Terms

Conditions of Sale


1: General:
(a) All Products and/or components sold by Genfitt Mayo Limited (hereinafter called “The Company”) be sold subject to these conditions of sale and shall be hereinafter referred to as “The Goods”.
(b) The buyer of the Goods shall be hereinafter known as “The Purchaser”.
(c) Any terms or conditions in the Purchaser’s order, which are inconsistent with these conditions of sale, form part of any contract between the Company and the Purchaser unless accepted by the Company

(d) Carriage terms are in accordance with prices ruling at the date of dispatch of the Goods by the Company. 

2: Prices:
Orders are accepted on the basis of prices ruling at the date of despatch of the Goods by the Company.This applies to back orders. The Company reserves the right to increase its prices at any time. All prices are exclusive of VAT and same together with carriage when charged shall be borne by the Purchaser. The company shall notify the Purchaser of any increase in prices. The Purchaser may cancel the contract in writing within 24 hours of the notification of the price alteration.

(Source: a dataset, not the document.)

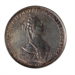 Новодел XIX в. с копии С. Ю. Юдина с работы В. АлексееваСанкт-Петербургский монетный дворКонец XIX в.Диаметр 41 ммВес 24,1 гСеребро

3: Delays and Non-Delivery:
All reasonable efforts are made to honour delivery promises but the Company shall have no liability whatever in respect of delays in delivery or non-delivery howsoever caused.

4: Damage in Transit & Shortages:
On delivery the Goods must be checked against the delivery note, which shall be signed by or on behalf of the Purchaser. Such signature is an acknowledgement that all the Goods have been received in good condition and order. The Company will accept no responsibility for damage in transit or shortages unless same are noted on the delivery note before signature, and notified in writing to the Company sales office within 48 hours.

5: Terms of Payment:
The Goods must be paid for in full without deduction in respect of alleged disputes or counter claims in accordance with the terms specified by the Company from time to time and if no date of payment has been specified within 30 days of the date of delivery, the Company shall be entitled without prior notification to charge interest at the rate of two percent per month or part thereof on any sums which remain unpaid the same have become due.

6: Return of Goods:
Where the Goods have been correctly supplied in accordance with an order and are not defective they will not be accepted for return by the Company unless the Company has given its prior written agreement. In such event a twenty per cent handling charge will be made by the Company and the Goods must be returned to the Company carriage paid and in their original packing. Goods not in their original packaging will not be accepted for return by the Company.

7: Guarantee:
Where a guarantee is given by the manufacturer or other supplier of the Goods or by a manufacturer or other supplier of a part or component of the Goods, the Company will pass the same to the Purchaser and assist the Purchaser to get the benefit of same from such manufacturer or other supplier but to extent permitted by law the Company shall not be liable on foot of such guarantee.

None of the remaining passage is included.